According to the National AIDS Programme Secretariat, the number of reported HIV/AIDS cases in Guyana has been reduced to 1% of the total population in 2009–2010, complying with the UNAIDS target of 1.3%. The reduction rate of HIV prevalence among women in Guyana has remain at 1% while those high risk persons such as homosexuals and sex workers have decreased. A national report on HIV/AIDS for 2009 reveals that over 105 thousand HIV/AIDS tests were conducted in Guyana.

There are some 13,000 loggers in Guyana and they are a significant segment of the migrant worker population. With forests generally found in isolated areas, there can be a lack of regular access to both condoms and correct knowledge of how HIV is transmitted, which increases vulnerability to infection.
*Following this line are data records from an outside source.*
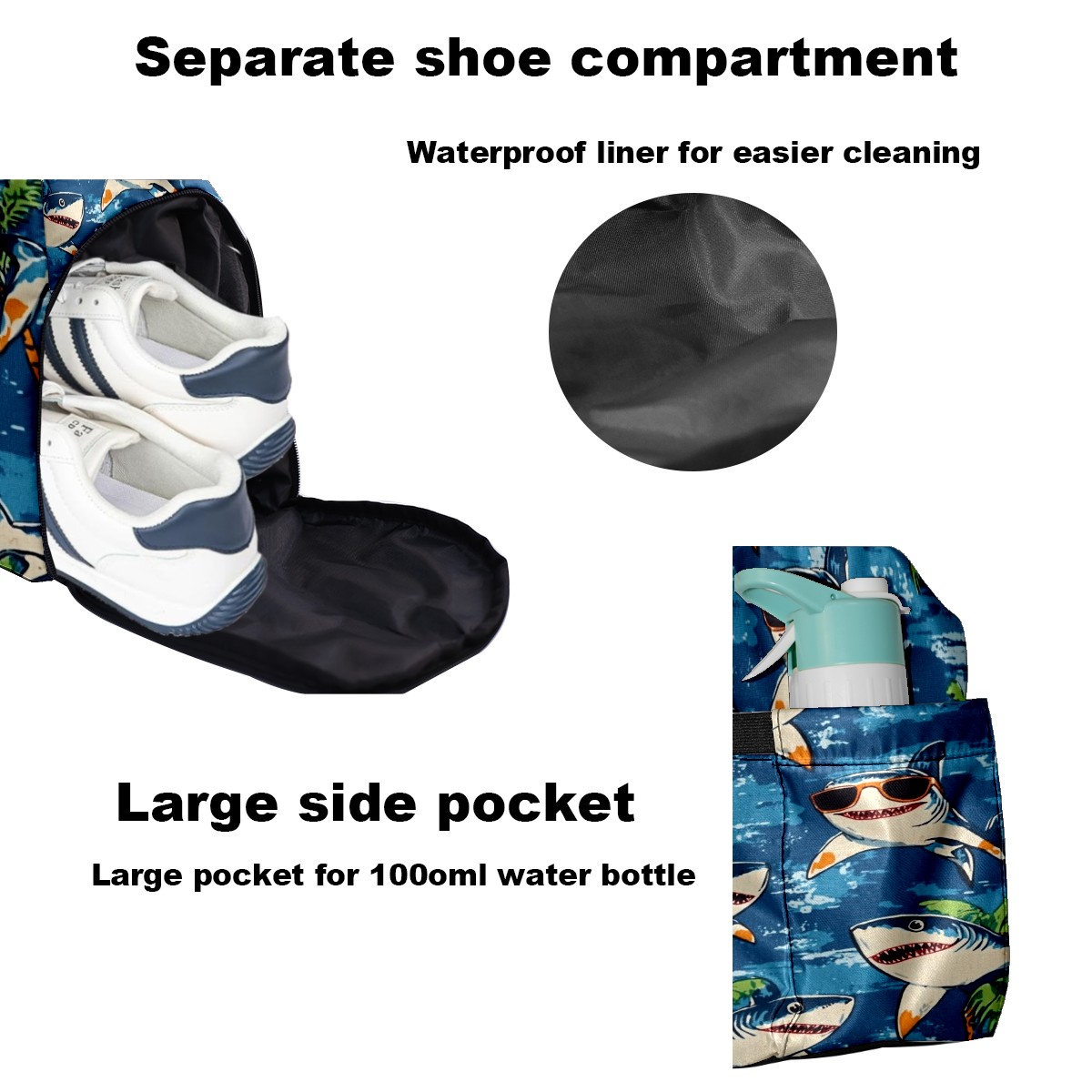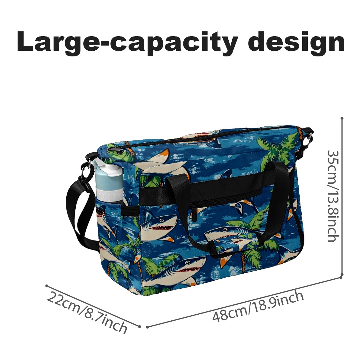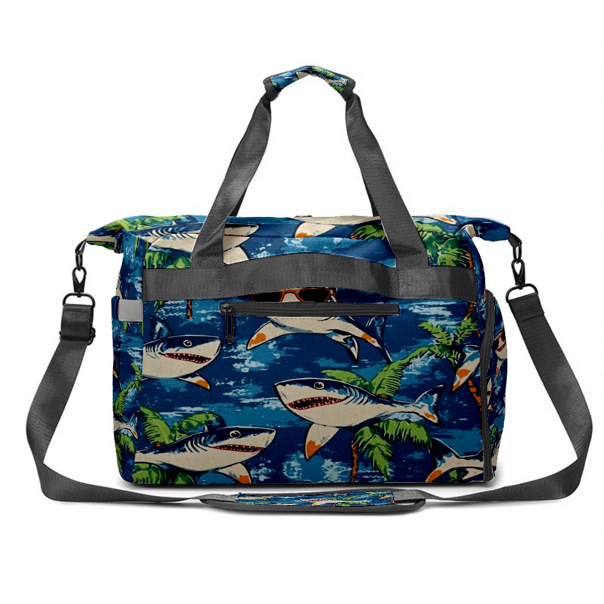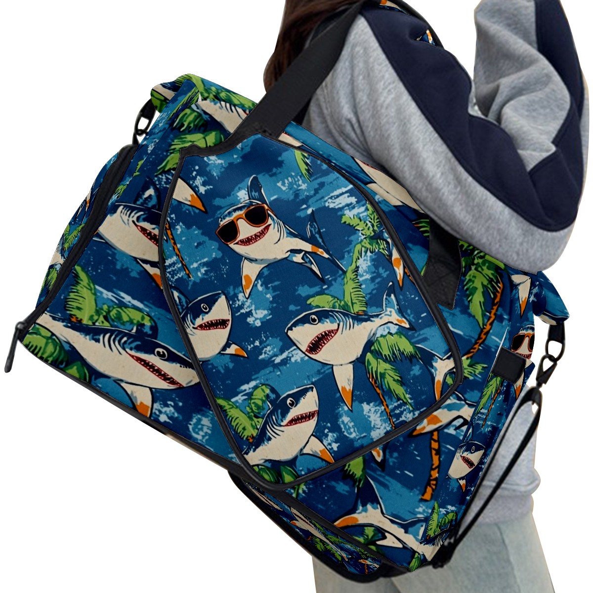 Pickleball Tote Bag Carryall for Paddles Balls and Accessories, Portable Lightweight Gear Bag for Players(Shark Wearing Sunglasses)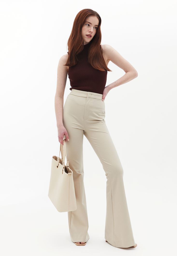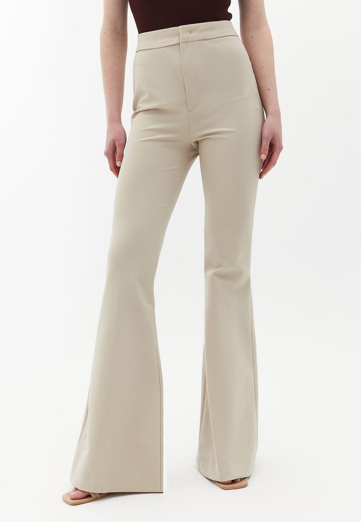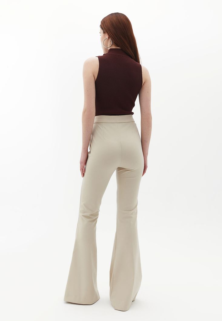 Bej Yüksek Bel Flare Pantolon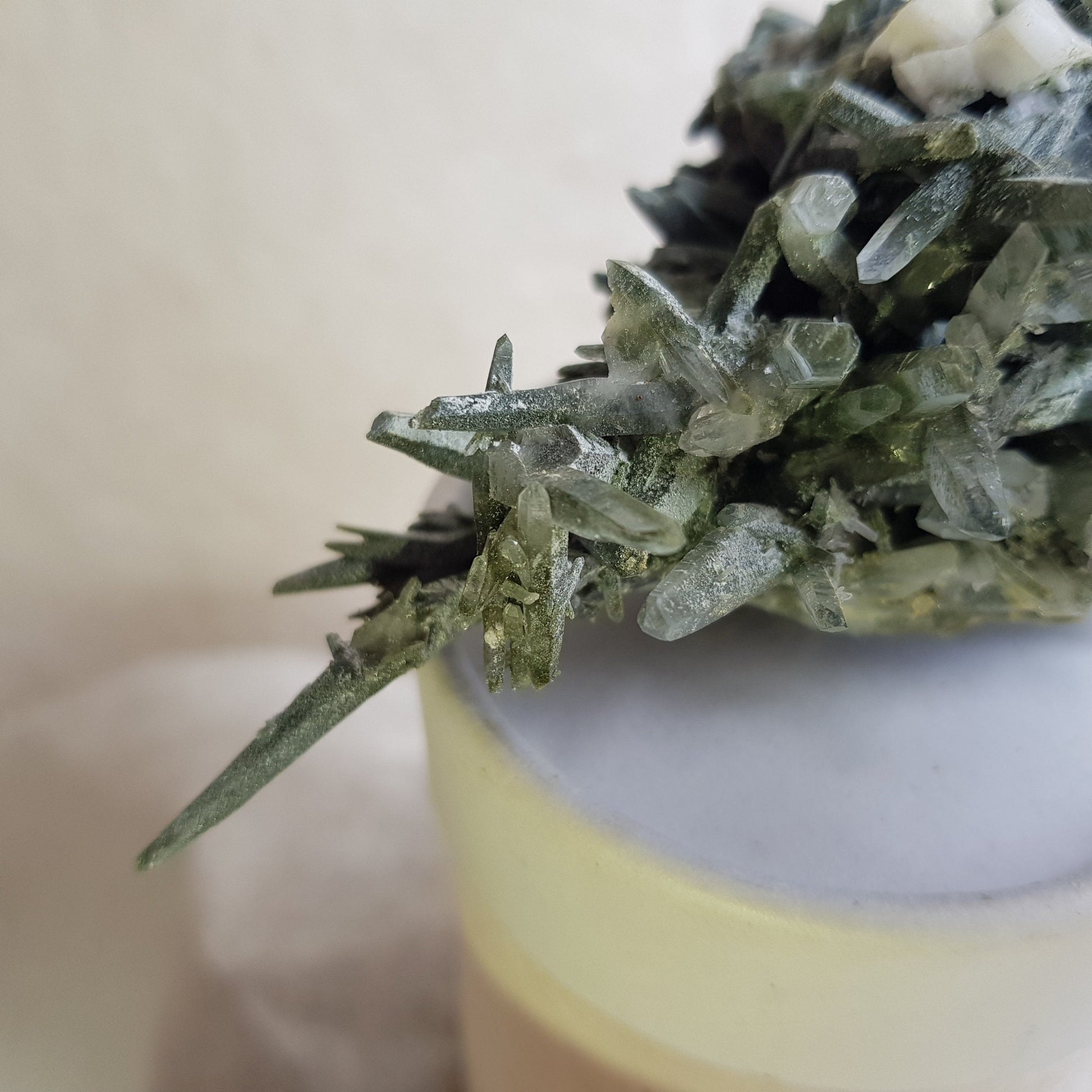 Stunning Quartz crystal from Ganesh Himal, Nepal. Handpicked and carried down the mountain on foot, sourced directly. Packaged in a handmade lokta paper box wrapped in upcycled newspaper. Everything has some kind of life and energy in it, crystals however are renowned for being incredible storehouses of energy, millions of years in the making deep underground! This particular crystal is found in Ganesh Himal, a beautiful mountain in the Nepali Himalayas. The crystal embodies a unique vibration from this mountain. *Please be aware that although I take great care in packaging and posting out these crystals, there are may smaller crystals (thickness 1mm) a part of the clusters that very fragile and breakages may occur.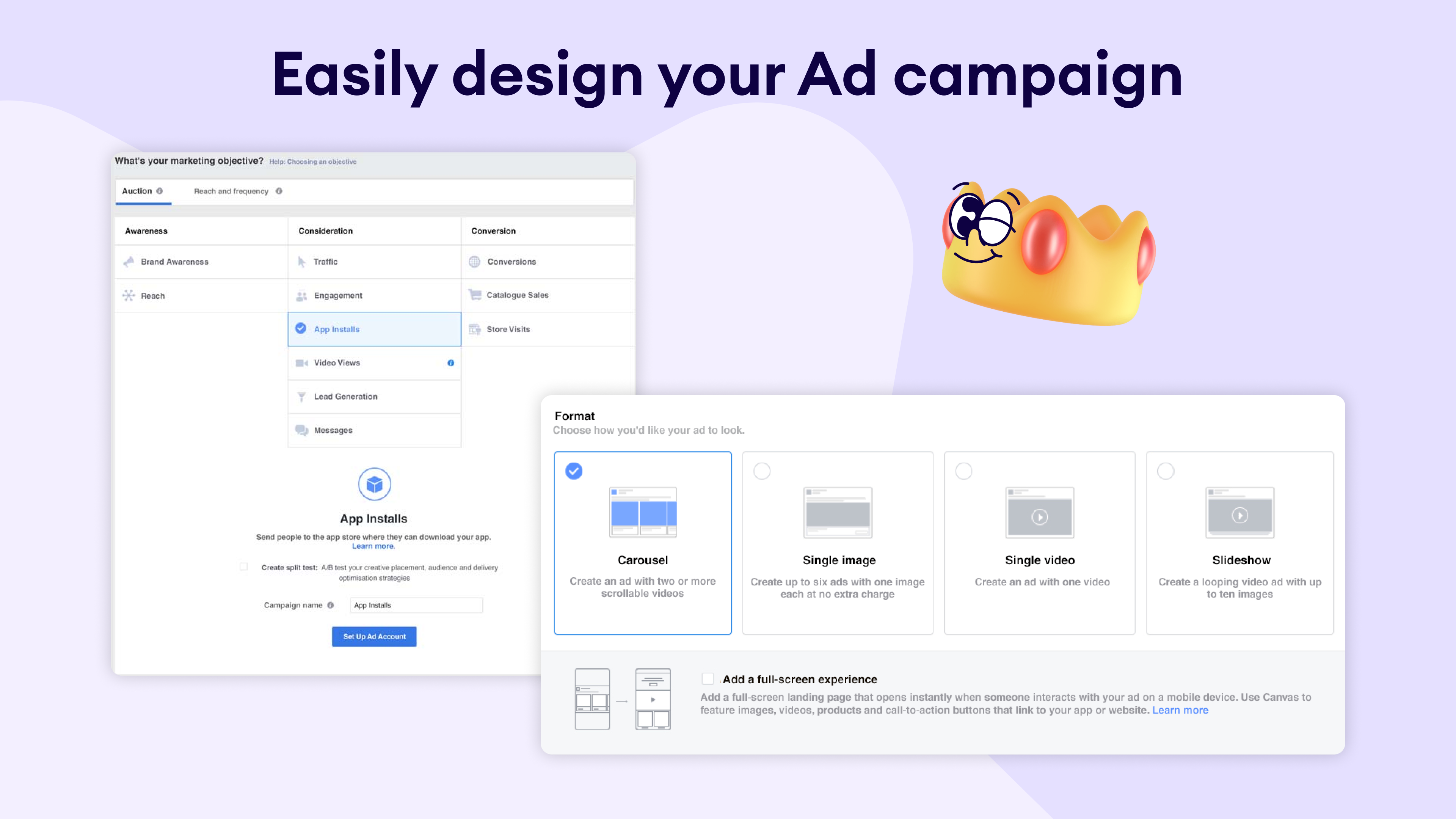 Configure the settings - select your Facebook ad account, campaign, ad group, and define audience criteria.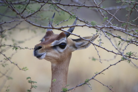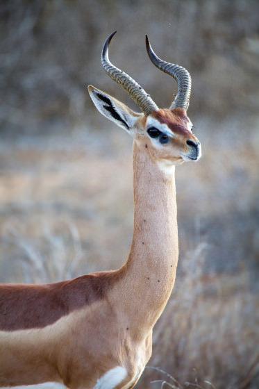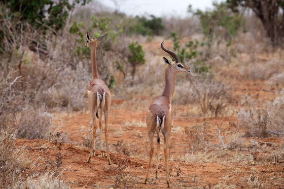 The gerenuk's large eyelashes and sensory hairs on its muzzle and ears allow it to carefully navigate through thorny bushes without getting scratched. In addition to having an extra long neck it is also able to stand on two legs and reach even further to the tops of shrubs and bushes. This is facilitated by stronger-than-normal lumbar vertebrae and powerful hind legs. This way they can reach tender shoots up to six and a half feet off the ground. The name Gerenuk is of Somali origin, meaning giraffe-necked. They are found in Somalia, but also in southern Djibouti and much of Kenya's arid North as well as throughout Tsavo in the East. Aerial surveys have shown that their densities are higher in drier areas and especially in areas further from permanent water sources. This way they reduce competition with other browsers that are more water-dependant.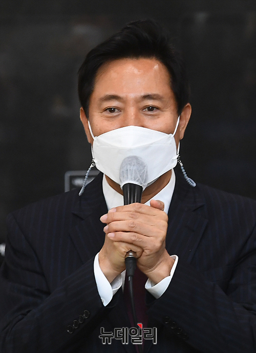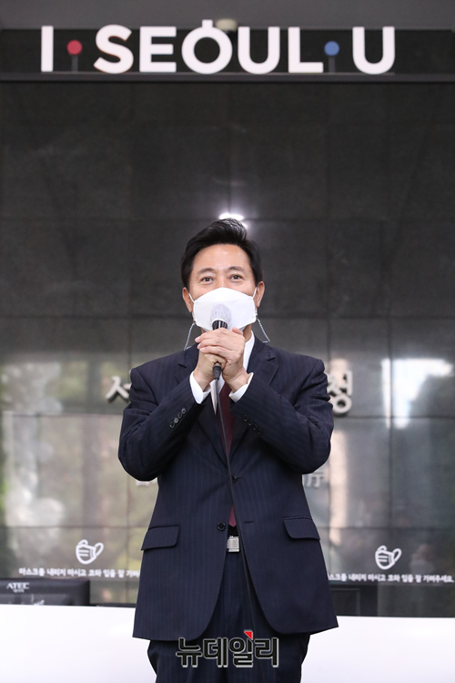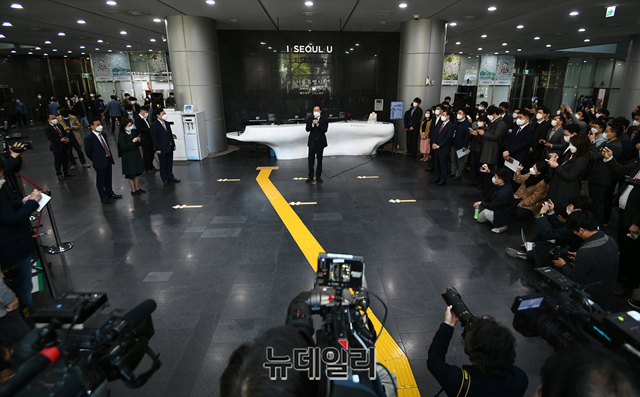 제38대 서울특별시장에 당선된 오세훈 시장이 8일 오전 서울 중구 서울시청으로 첫 출근하며 인사말을 하고 있다. 이후 오 시장은 6층에 마련된 시장 집무실에서 사무 인계인수 책자에 서명을했다. (사진=공동취재단)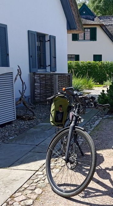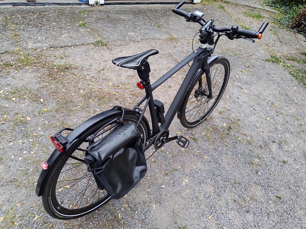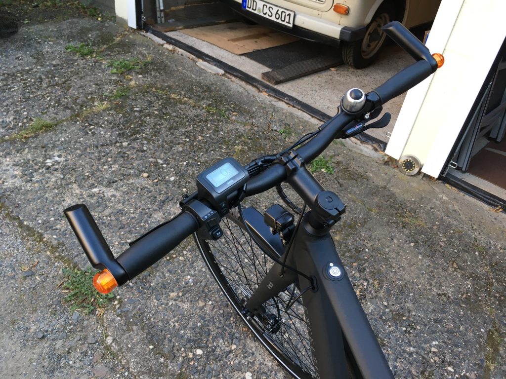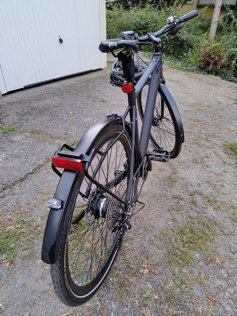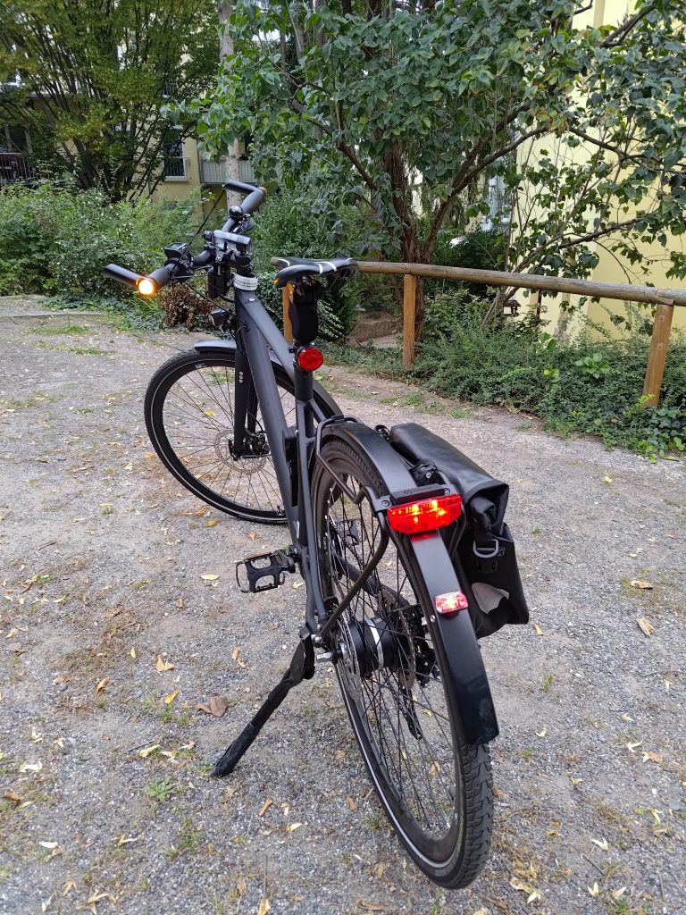 Die Zeit kam, sogar am nächsten Montag schon, und Rad kam dann am Donnerstag. Es hätte gar nicht besser laufen können. Meine Anfrage beim Fahrrad-Großhändler blieb unbeantwortet, dafür hatte ich ein angenehmes Gespräch mit Steffen vom kleinen lokalen Händler „Der Dynamo“. Er bot mir die Möglichkeit, das Rad probezufahren und ich hatte auch noch das Glück, dass gerade 2023-er Modelle im Lager bei denen angekommen waren. Die Probefahrt war erwartungsgemäß genial, ich fühlte mich „wie zu Hause“, auch wenn das Testrad eine unpassende Rahmenhöhe hatte. Steffen bot mir an, eines der Räder aufzubauen (die werden immer so geliefert, dass man sie gut in einem rechteckigen Karton transportieren kann) und dann mit der korrekten Rahmenhöhe noch einmal probezufahren. Ich sagte sofort zu und konnte am Donnerstag das Bike noch einmal in der richtigen Größe testen. Nach zwei Runden um den Block stand meine Entscheidung fest, den genannten Preis dafür zu bezahlen. Natürlich hatte ich alles entsprechend vorbereitet und bereits meinen Helm und das Fahrradschloss im Rucksack mitgebracht. Nun brauchte ich mich nur noch draufzusetzen und nach Hause zu radeln. Was für ein Genuss, so ein leichgängiges Bike! Ich probierte alle Unterstützungsstufen und die Beleuchtung aus. Als ich zu Hause ankam, war es ein sehr angenehmes Gefühl, auch wenn ich durch den starren Rahmen – am Urban-E gibt es keine Federung – jedes Schlagloch in der Wirbelsäule spürte. Ich bin wirklich zufrieden und glücklich, diese Entscheidung getroffen zu haben. Check.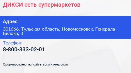 ДИКСИ, сеть супермаркетов по адресу 301666, Тульская область, Новомосковск, Генерала Белова, 3 в дальнейшем Организация, размещена в следующих категориях: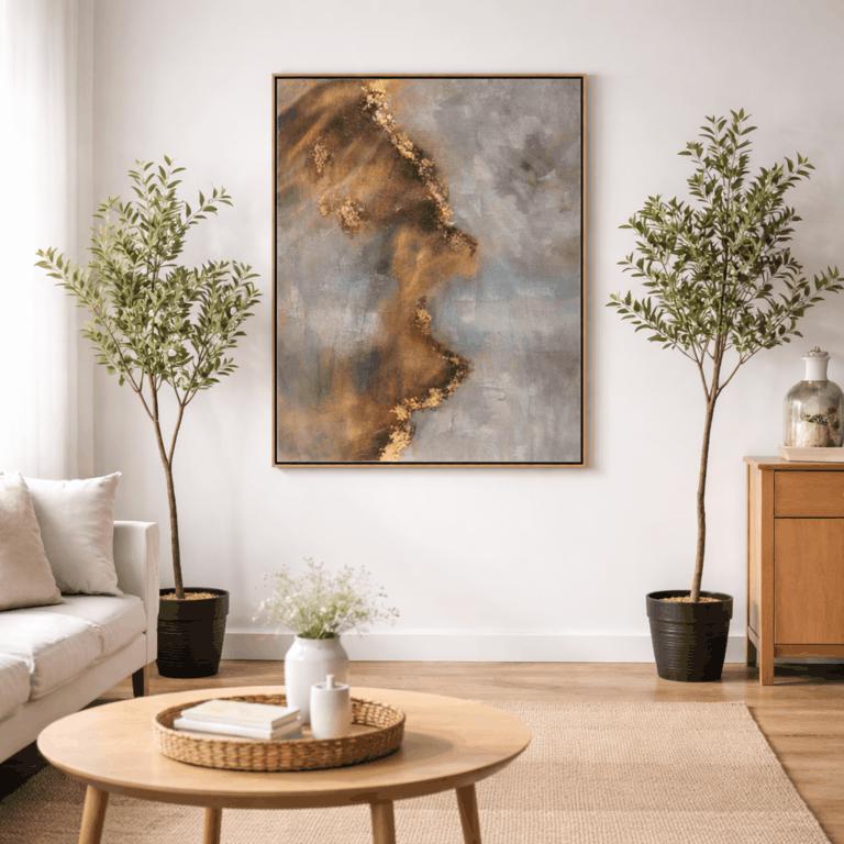Cuadro abstracto gris y dorado elegante moderno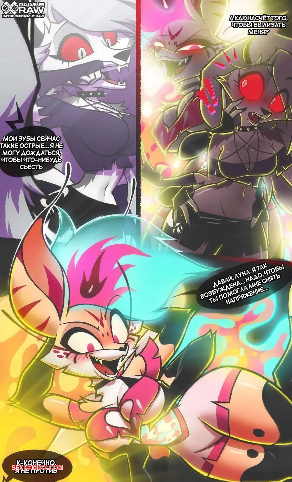 Порно комикс Адский босс. Луна и Би. Loona x Bee. Daimus Raw. Блондиночка невероятно возбудилась и решила повеселиться с красоткой Луной. Она стала ласкать и сжимать большие сиськи девушки, после чего отлизала ее влажную пизду.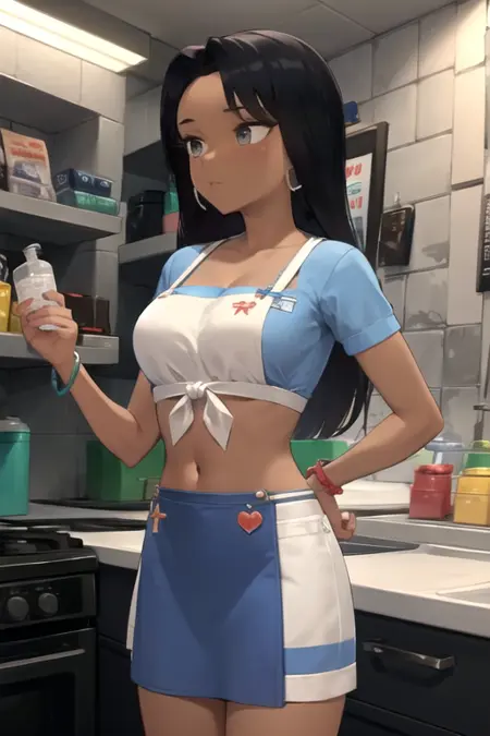 BilzarbraSmith, 1girl, solo, long hair, blue skirt, blue shirt, black hair, navel, jewelry, short sleeves, earrings, midriff, very dark skin, apron, bracelet, dark-skinned female, crop top, waist apron, front-tie top, tied shirt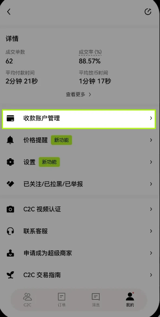 打开etf交易平台App,点击【C2C买币】-右下角【我的】图标-【收款账号管理】。

Sex workers themselves are disproportionately affected by the virus with an HIV prevalence of around 16%, compared with an adult HIV prevalence in Guyana of 1.2%.

There has been a steady decrease of HIV/AIDS cases from 2006 to 2011, recent research is revealing that there is a decrease in the number of persons being diagnosed with HIV/AIDS in Guyana.
Research also showed that there has been a decrease in the rate of deaths from this disease(s). Over 350,000 persons were tested over a five-year period.
Premiere health agencies and organizations have reduced funding to Guyana since it is no longer has a threat of  having a widespread HIV/AIDS epidemic. The Executive Director Dissiree Edghill explained that the major funding agencies are now looking at the high  priority countries, since Guyana is no longer listed as a High Prevalence Country when it comes to HIV and AIDS.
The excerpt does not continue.